The documentary film, All the Difference, will air nationally on PBS on Monday, September 12th. The film features Robert Henderson III, an AmeriCorps member who served with City Year Columbia in the 2014-2015. The film also traces the paths of two teens from the South Side of Chicago who dared to dream a seemingly impossible dream: to graduate from college. In the Q&A below, City Year Philadelphia Executive Director and Vice President, Darryl Bundrige links some of the important themes of the film to the day to day work of City Year.

If a friend asked you what this film was about, what would you say?
This film shows the struggles and achievements that two African-American young men experience as they strive to attend and graduate college. It highlights the impact of variables such as family stability and pressures, school support systems (formal and informal), personal motivators, and adaptions they make to be successful. The real challenges for students who are first generation, low income students or men of color, are front and center.

Can you describe a moment or scene in the film that was especially compelling for you?
It brought tears to my eyes watching Robert’s grandmother following his high school graduation. She almost seemed lost and out of place, yet she had played a critical role in getting him there.  It made me remember how supportive my parents had been to me as I obtained my education even though they hadn’t graduated high school themselves.  They maintained high expectations for me to give my best.

I felt pride for his accomplishments and joy in seeing his high school principal and others support him. 
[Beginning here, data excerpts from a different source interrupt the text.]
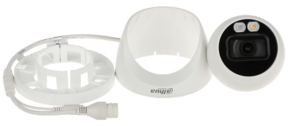 Wybrane funkcje: D-WDR - Szeroki zakres dynamiki oświetlenia 3D-DNR - Cyfrowa redukcja szumu w obrazie Gdy Smart Dual Light jest aktywny, białe światło włączy się automatycznie dopiero w momencie wykrycia obiektu w monitorowanym obszarze, co skutecznie poprawia jakość obrazu ROI - poprawianie jakości wybranych fragmentów obrazu BLC/HLC - kompensacja światła tła / silnego światła Możliwość zmiany rozdzielczości, jakości i przepustowości Obrót obrazu i odbicie lustrzane Detekcja ruchu - maks. 4 konfigurowalne strefy Strefy prywatności - maks. 4 Inteligentna Analiza Obrazu : Detekcja człowieka Obudowa: Dome - Metal + Plastik Kolor: Biały Klasa szczelności: IP67 Wandaloodporna: Zasilanie: PoE (802.3af), 12 V DC / 380 mA Pobór mocy: ≤ 5.6 W @ PoE ≤ 4.5 W @ 12 V DC Temperatura pracy : -40 °C ... 60 °C Waga: 0.33 kg Wymiary: Ø 110 x 101 mm Obsługiwane języki: polski, angielski, czeski, francuski, hiszpański, holenderski, niemiecki, rosyjski, portugalski, rumuński, turecki, ukraiński, węgierski, włoski Producent / Marka: DAHUA Gwarancja: 3 lata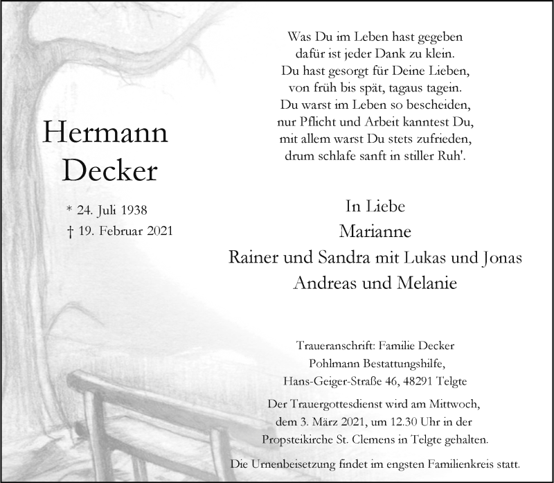 Hier finden Sie alle Traueranzeigen aus der Zeitung, die bisher für Hermann Decker erschienen sind. Weitere Traueranzeigen, die in der Zeitung erscheinen, werden hier ebenfalls aufgelistet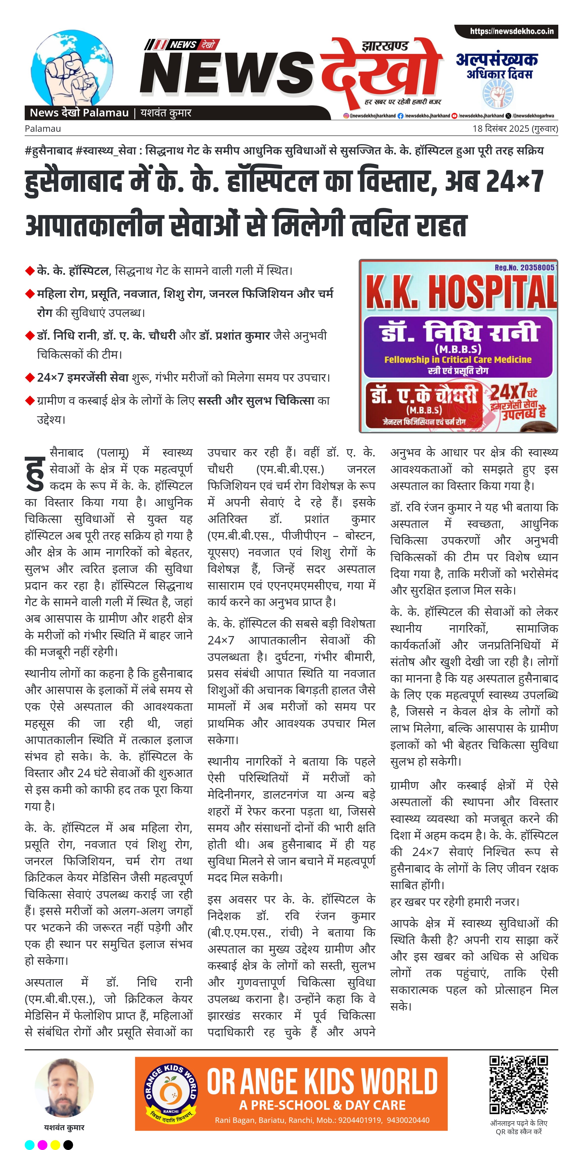 हुसैनाबाद (पलामू) में स्वास्थ्य सेवाओं के क्षेत्र में एक महत्वपूर्ण कदम के रूप में के. के. हॉस्पिटल का विस्तार किया गया है। आधुनिक चिकित्सा सुविधाओं से युक्त यह हॉस्पिटल अब पूरी तरह सक्रिय हो गया है और क्षेत्र के आम नागरिकों को बेहतर, सुलभ और त्वरित इलाज की सुविधा प्रदान कर रहा है। हॉस्पिटल सिद्धनाथ गेट के सामने वाली गली में स्थित है, जहां अब आसपास के ग्रामीण और शहरी क्षेत्र के मरीजों को गंभीर स्थिति में बाहर जाने की मजबूरी नहीं रहेगी।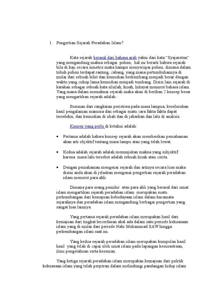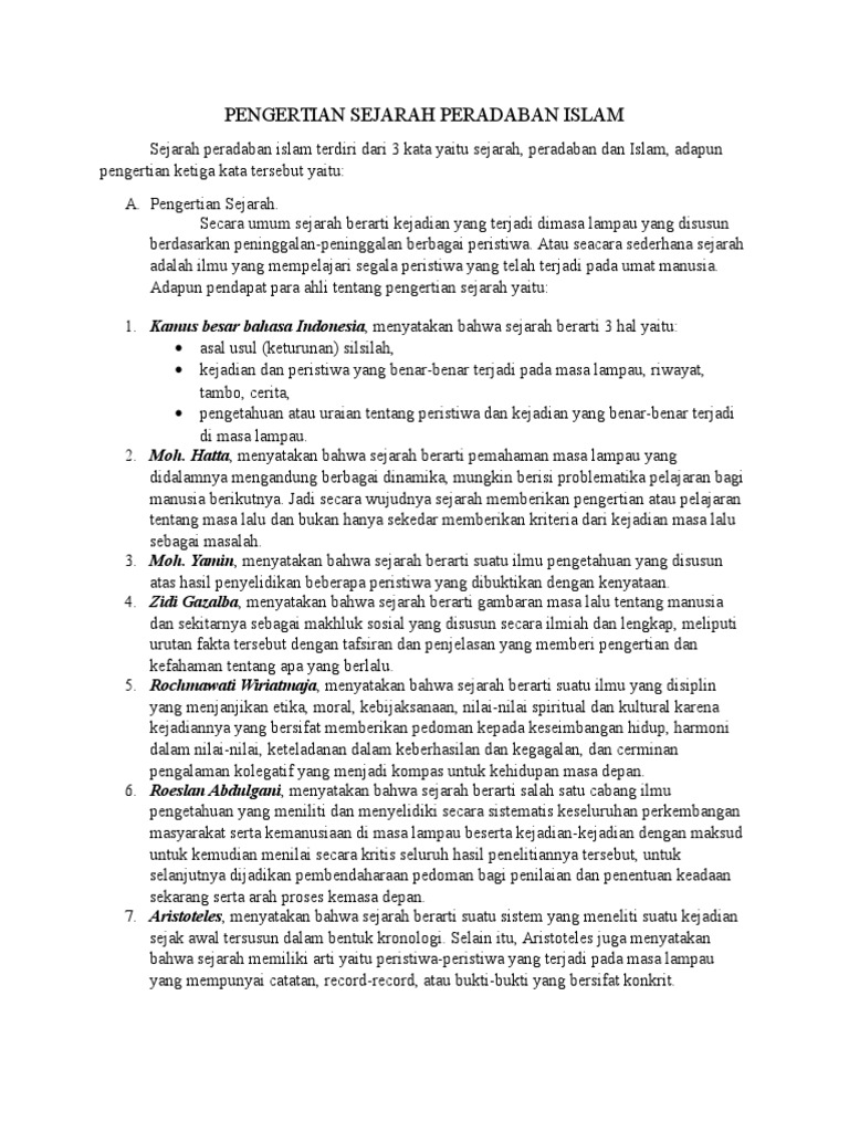 DOC) PENGERTIAN SEJARAH PERADABAN ISLAM | Animator Thobor …

How did it help Robert to know that people believed he could achieve?
In life, a support system is critical to success. No one, not even the President of the United States, an Olympic champion, or an 
inner city, student of color can get through their journey without support. The road can be long, hard and can wear people down. To have inspiring voices, notes and other gestures along the way can remind you that, “You can do this.” It can reinforce staying on the right path and eliminates the feeling of isolation. 

That’s exactly what our City Year AmeriCorps members do for students every day. They are a constant reminder that someone cares, someone is in their corner, and someone is going to walk that journey with them through from first day of school until last. Together, we can get through the tough classes, not so great grades and any personal challenges.

Why are young adults like Robert so important in the role as City Year AmeriCorps Member?
AmeriCorps members who have walked the path that Robert has walked can really serve as a bridge for many of our students. When a student sees someone who came from the same place they did and doing something bigger than they thought was possible, that makes a difference in their mindset.

While Robert’s experiences make him a valuable member of the City Year team, it is important for the next generation of students to see role models who look like them and those who don’t working together to accomplish something great. While City Year places value on individuals who share the same racial, ethnic and/or socio-economic background as our students, we also believe that any individual – regardless of their background – can have an incredible impact on students’ lives.